I agree with Bill; I see no reason a person doing a job is considered an "employee" for state unemployment insurance cannot be considered an "independent contractor" for the same job for federal (and probably state) income taxes. It might look really wierd in the tax history if they claim unemployment after not having W2 income, but that shouldn't stop it from being possible.


----------



## BillConnerFASTC (Feb 1, 2016)

I'm not taking sides, but would like clarity. I find legislation that relies on labels is not clear. I distrust the motives of this proposed legislation simply because of its reliance on labels and definitions. I've long worked against building and fire code language that focus on labels.


----------



## SteveB (Feb 1, 2016)

The IRS rules are actually not very clear. They allow a case by case status to be made depending on a host of factors. https://www.irs.gov/Businesses/Smal...ependent-Contractor-Self-Employed-or-Employee

The AZ law seemingly is attempting to clarify the conditions under which a worker is IC or an employee and for reasons of status for unemployment benefits. Trouble is, the law is written so that an employer can declare a workers status as IC using these definitions and thus avoid all the other factors and potential benefits that come along with being an employee, including any other protections that would be due an employee under state and federal laws, such as overtime, among others. 

Thus a bad thing for freelance technical folks in AZ.


----------



## BillConnerFASTC (Feb 2, 2016)

I'm not sure any law will actually prevent or allw what an employer - or employee - might try to do, but pretty sure a state law will have little impact on federal law.

As a sometime employer these days, I find the federal guidelines to be much more likely to classify a person as an employee than an ic when its not clear. The test to declare a person annic is much tougher and more scrutinized.

But I don't like the AZ law. A stage hand paid hourly working an event is clearly (or rarely) an employee.


----------



## SteveB (Feb 2, 2016)

Not following this logic Bill.

In a given scenario a promoter rents a hall/theater/arena, hires a performer and an event company to provide staging, lighting and audio according to the rider.

The promoter, in consultation with the event production company, states when certain aspects of the event technical services must be provided (the schedule). The event technical company then hires stagehands either from their own list, or from an IATSTE local, if the union has a contract with either the venue, promoter OR event technical company (or not).

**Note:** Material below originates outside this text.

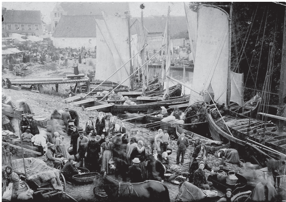
3 pav. Žuvų turgus Šilutėje Fig. 3. Fish market in Šilutė

trojo pasaulinio karo metais turgus veikdavo ketvirtadieniais (Cyrulis, 2015). Šie turgūs skyrėsi nuo žemyninių turgų. Tokią arskirtį daryti galima, kai norima pabrėžti skirtumus tarp žemyninės ir jūrinės kultūrų. Tipiškas pamario žuvų turgaus vaizdas buvo palei krantą išsirikiavusios daugiausia Kuršių nerijos žvejų valtytis, tiesiai iš kurių ir prekiauta žuvimi. Žuvį pardavinėdavo ir patys žvejai, ir žuvų supirkėjai-perpardavinėtojai. Žinoma, tokiuose turguose prekiauta ne tik žuvimi. Už uždirbtus pinigus žvejai pirkdavosi tai, ko nebuvo Kuršių nerijoje: maistą, grūdus, virves, kitus daiktus, kurių prirėdavo buityje, žvejyboje ar laivyboje. Svarbu tai, kad turgų aikštės veikė šių gyvenviečių urbanistinę raidą – gatvių ir kvartalų formavimąsi, užstatymus ir pan. Puikus šio reiškinių pavyzdys – senoji Šilutės miesto dalis, kurioje yra ir senojo turgaus aikštė, prisišliejusi prie Šyšos upės – ją turgų atplaukdavo žvejai, kranto. Aplink turgaus aikštę galima pamatyti tokius gatvių užrašus: Uosto, Vandens, Žuvų, Turgaus, Rusnės, visi jie atskleidžia išlikusį šios vietovės marinistinį paveldą.

The stagehands report to the venue at the appointed time and according to the schedule established by the promoter, usually expecting X amount of a day's work, for X amount per hour, to be paid via check or cash by the event production company, who in turn bills the promoter. Under some circumstances, the workers may be paid directly by the promoter, rather then the event production company. I have even seen scenarios where the promoter pays the union directly, who then distributes the checks. Paying the Union has sometimes been seen as an attempt by an employer to abdicate their responsibilities under IRS rules, by claiming the union is the employer.

Once the event producer and promoter establishes the work call time, all workers become employees, according to federal law, usually of the event production company. According to the IRS, if the employer retains control of when the worker does the work, that worker is automatically an employee.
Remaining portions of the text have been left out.